• **Problem to work on**: Starting at the first line of the data, print every line up to and including the one with "Dee Blair's shed", but no pictures.

• **Data for review**:
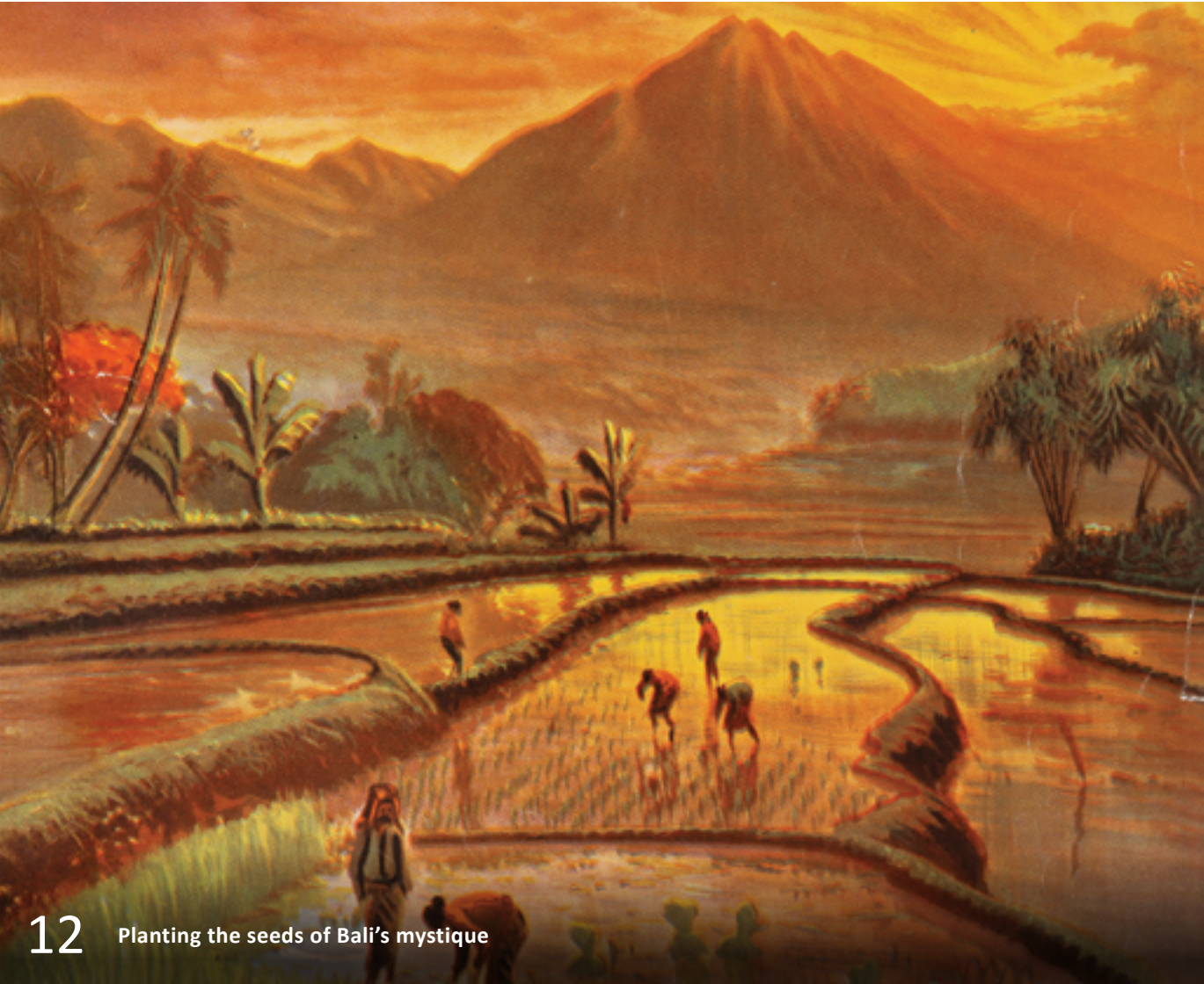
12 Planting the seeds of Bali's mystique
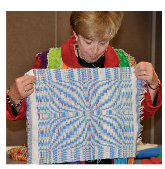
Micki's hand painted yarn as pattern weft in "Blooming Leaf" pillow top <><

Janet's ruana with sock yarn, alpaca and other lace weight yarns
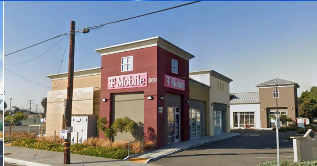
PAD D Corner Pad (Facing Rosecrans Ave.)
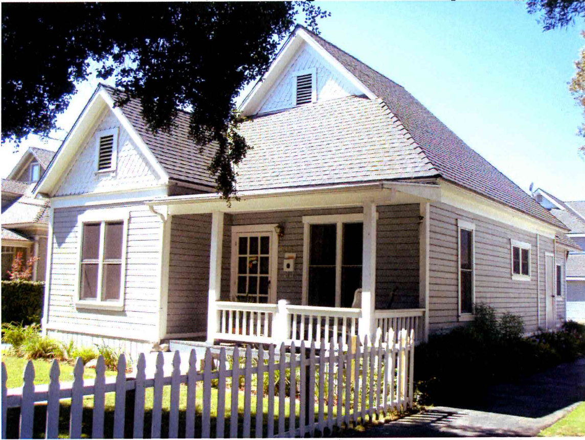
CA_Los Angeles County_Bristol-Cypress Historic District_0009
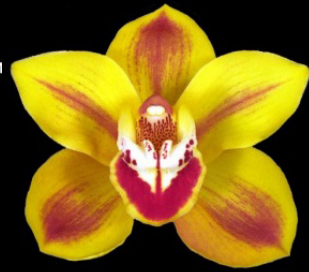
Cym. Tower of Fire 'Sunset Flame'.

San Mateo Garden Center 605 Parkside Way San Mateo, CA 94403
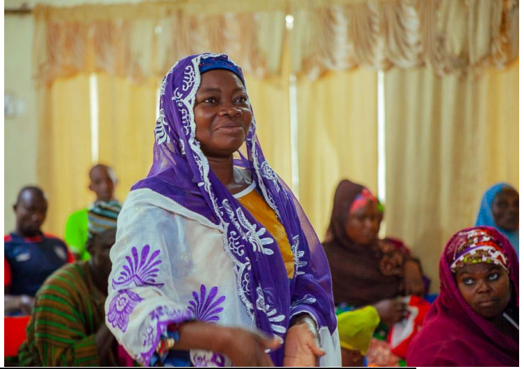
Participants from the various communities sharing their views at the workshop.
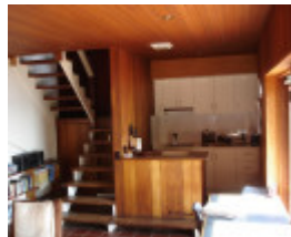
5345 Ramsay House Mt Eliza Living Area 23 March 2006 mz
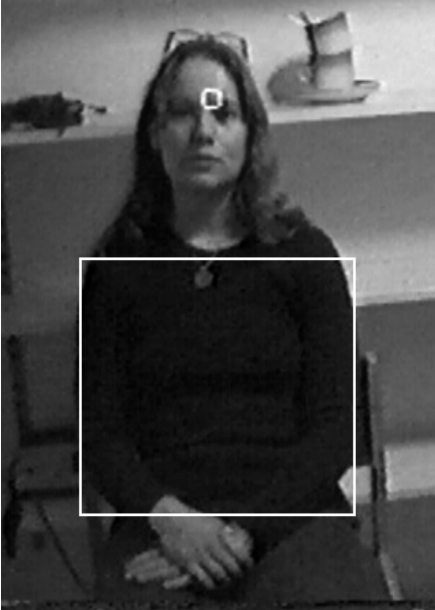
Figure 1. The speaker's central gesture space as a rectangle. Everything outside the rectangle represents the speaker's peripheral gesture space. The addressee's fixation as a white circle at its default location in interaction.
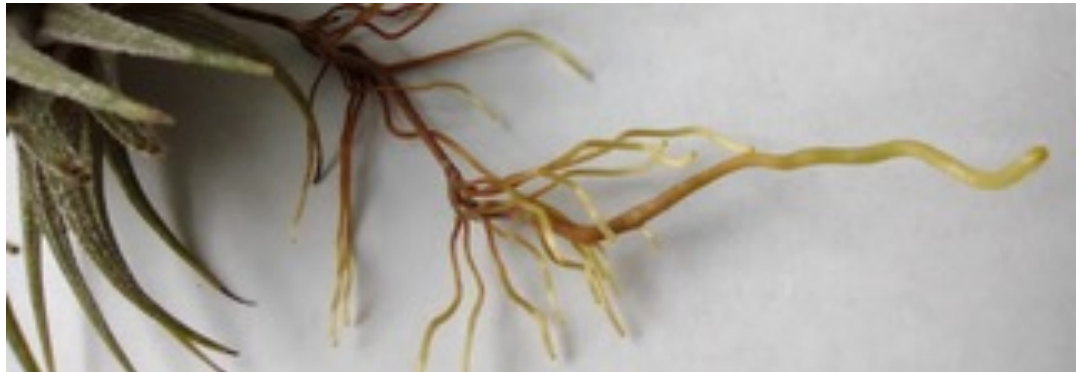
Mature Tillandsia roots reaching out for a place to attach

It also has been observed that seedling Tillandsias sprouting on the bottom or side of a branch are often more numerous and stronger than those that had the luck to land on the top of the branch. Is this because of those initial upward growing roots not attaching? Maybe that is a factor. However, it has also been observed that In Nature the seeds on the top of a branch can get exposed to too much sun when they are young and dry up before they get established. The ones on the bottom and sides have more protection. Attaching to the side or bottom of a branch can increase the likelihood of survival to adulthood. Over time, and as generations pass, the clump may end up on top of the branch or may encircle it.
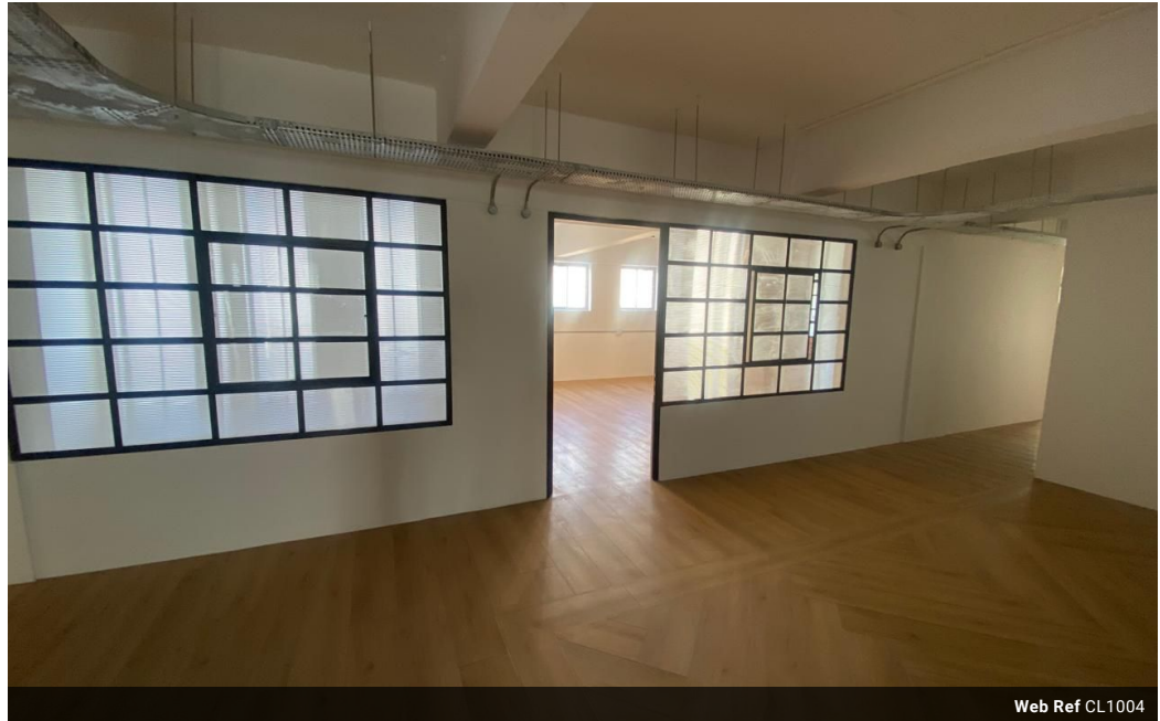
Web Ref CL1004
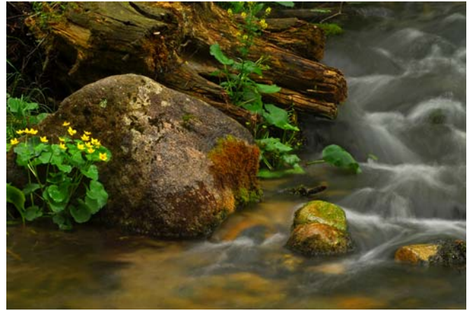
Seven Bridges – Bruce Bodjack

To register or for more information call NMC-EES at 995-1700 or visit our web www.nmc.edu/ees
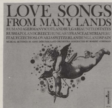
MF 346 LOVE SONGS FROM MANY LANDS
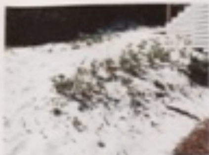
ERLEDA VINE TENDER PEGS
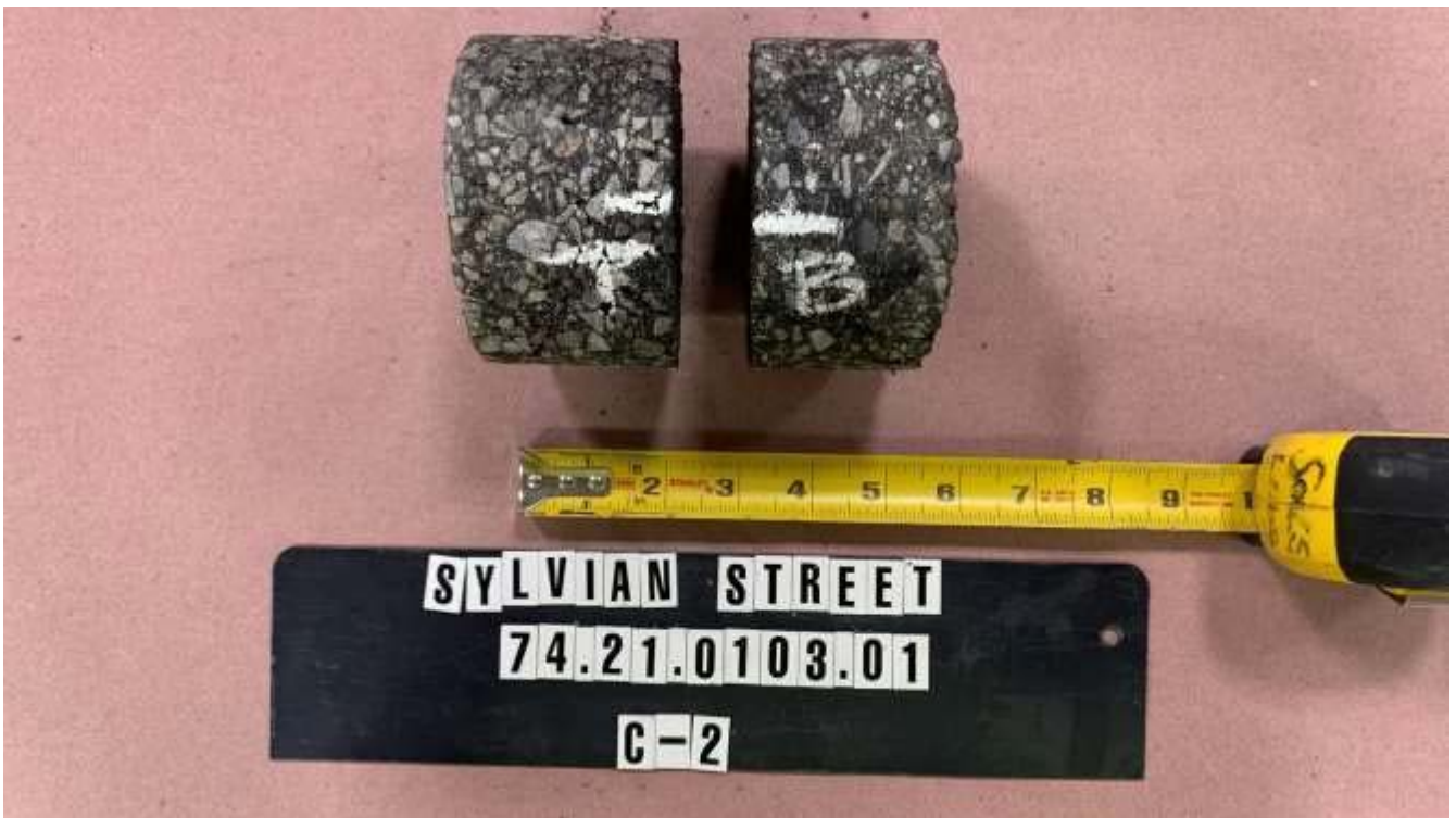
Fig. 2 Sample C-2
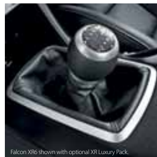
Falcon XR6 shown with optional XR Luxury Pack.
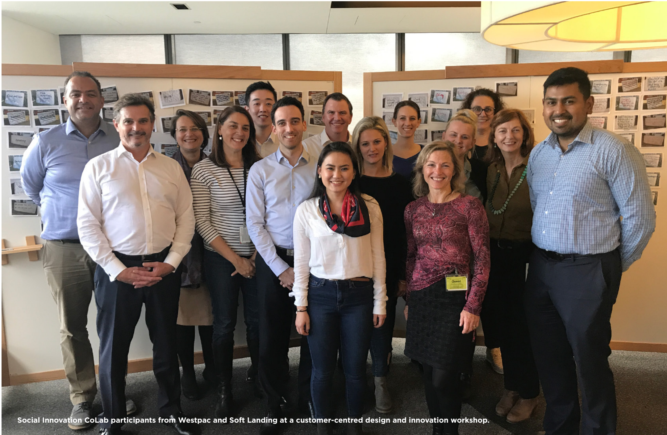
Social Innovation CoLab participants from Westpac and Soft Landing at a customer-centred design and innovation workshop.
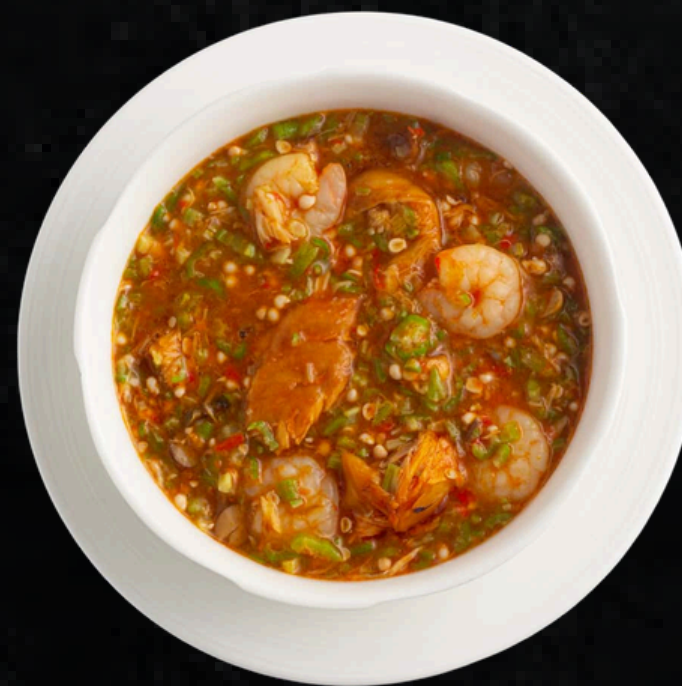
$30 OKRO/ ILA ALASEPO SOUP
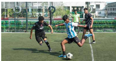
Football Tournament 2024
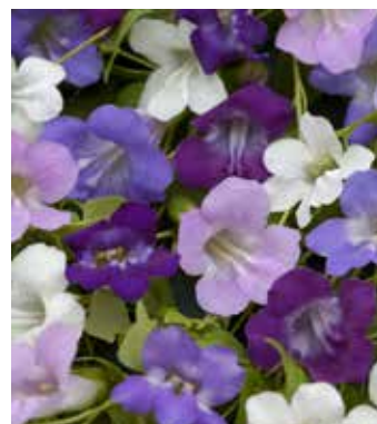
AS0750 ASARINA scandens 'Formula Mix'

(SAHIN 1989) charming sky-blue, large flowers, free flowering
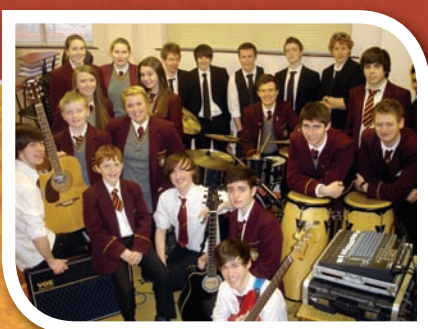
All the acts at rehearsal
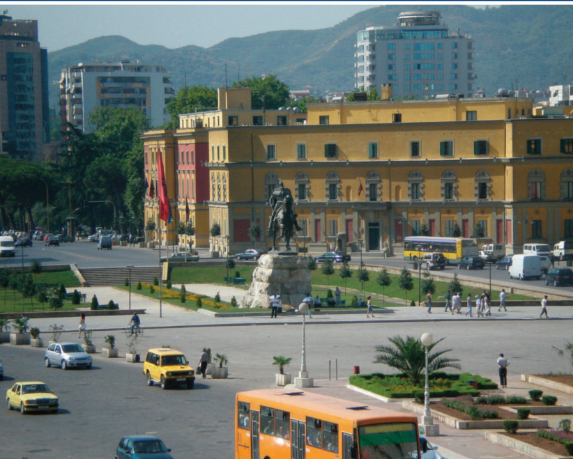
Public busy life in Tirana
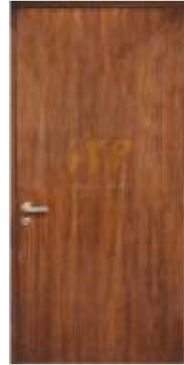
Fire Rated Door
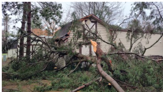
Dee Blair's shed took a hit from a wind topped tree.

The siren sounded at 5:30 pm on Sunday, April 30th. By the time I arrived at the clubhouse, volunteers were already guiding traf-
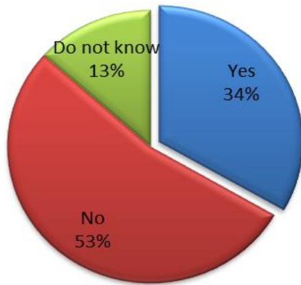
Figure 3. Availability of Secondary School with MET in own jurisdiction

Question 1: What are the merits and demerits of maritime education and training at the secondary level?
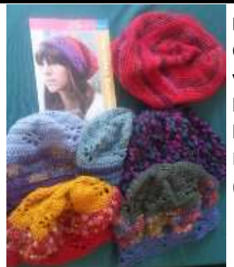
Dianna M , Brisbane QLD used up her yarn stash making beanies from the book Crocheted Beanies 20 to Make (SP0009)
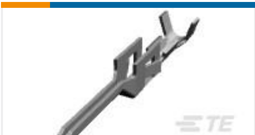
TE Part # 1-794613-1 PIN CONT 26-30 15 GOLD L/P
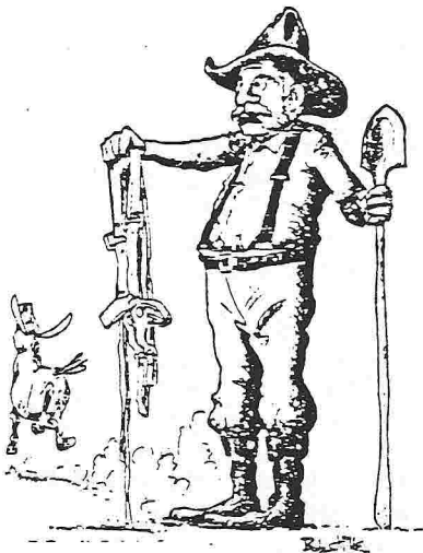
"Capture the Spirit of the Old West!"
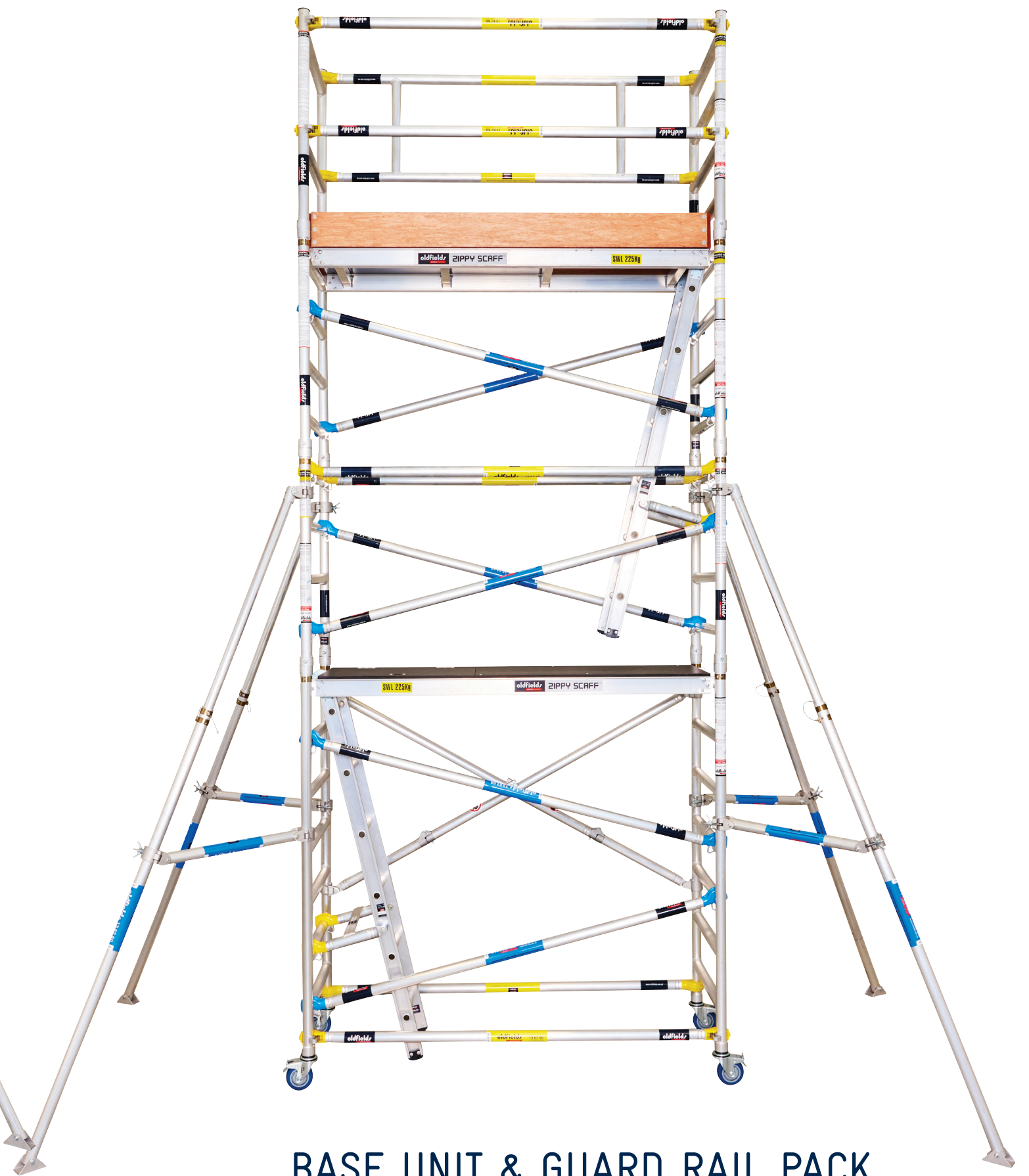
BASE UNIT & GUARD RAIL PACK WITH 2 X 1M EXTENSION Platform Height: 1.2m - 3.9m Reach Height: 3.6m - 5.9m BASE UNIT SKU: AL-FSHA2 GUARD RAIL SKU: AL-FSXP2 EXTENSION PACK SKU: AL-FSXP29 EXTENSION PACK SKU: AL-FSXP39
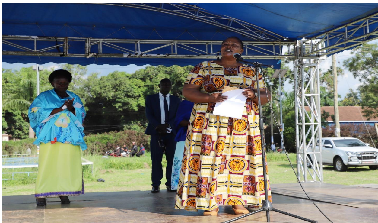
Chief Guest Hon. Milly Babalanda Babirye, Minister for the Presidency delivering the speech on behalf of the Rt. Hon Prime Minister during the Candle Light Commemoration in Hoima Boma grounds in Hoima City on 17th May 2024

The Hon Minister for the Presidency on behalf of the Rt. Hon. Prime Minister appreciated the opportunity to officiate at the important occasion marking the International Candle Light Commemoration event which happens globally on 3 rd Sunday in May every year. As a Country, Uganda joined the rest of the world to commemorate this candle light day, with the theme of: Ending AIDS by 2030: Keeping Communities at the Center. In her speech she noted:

• **Response for this exercise**:
12 Planting the seeds of Bali's mystique
Micki's hand painted yarn as pattern weft in "Blooming Leaf" pillow top <><

Janet's ruana with sock yarn, alpaca and other lace weight yarns
PAD D Corner Pad (Facing Rosecrans Ave.)
CA_Los Angeles County_Bristol-Cypress Historic District_0009
Cym. Tower of Fire 'Sunset Flame'.

San Mateo Garden Center 605 Parkside Way San Mateo, CA 94403
Participants from the various communities sharing their views at the workshop.
5345 Ramsay House Mt Eliza Living Area 23 March 2006 mz
Figure 1. The speaker's central gesture space as a rectangle. Everything outside the rectangle represents the speaker's peripheral gesture space. The addressee's fixation as a white circle at its default location in interaction.
Mature Tillandsia roots reaching out for a place to attach

It also has been observed that seedling Tillandsias sprouting on the bottom or side of a branch are often more numerous and stronger than those that had the luck to land on the top of the branch. Is this because of those initial upward growing roots not attaching? Maybe that is a factor. However, it has also been observed that In Nature the seeds on the top of a branch can get exposed to too much sun when they are young and dry up before they get established. The ones on the bottom and sides have more protection. Attaching to the side or bottom of a branch can increase the likelihood of survival to adulthood. Over time, and as generations pass, the clump may end up on top of the branch or may encircle it.
Web Ref CL1004
Seven Bridges – Bruce Bodjack

To register or for more information call NMC-EES at 995-1700 or visit our web www.nmc.edu/ees
MF 346 LOVE SONGS FROM MANY LANDS
ERLEDA VINE TENDER PEGS
Fig. 2 Sample C-2
Falcon XR6 shown with optional XR Luxury Pack.
Social Innovation CoLab participants from Westpac and Soft Landing at a customer-centred design and innovation workshop.
$30 OKRO/ ILA ALASEPO SOUP
Football Tournament 2024
AS0750 ASARINA scandens 'Formula Mix'

(SAHIN 1989) charming sky-blue, large flowers, free flowering
All the acts at rehearsal
Public busy life in Tirana
Fire Rated Door
Dee Blair's shed took a hit from a wind topped tree.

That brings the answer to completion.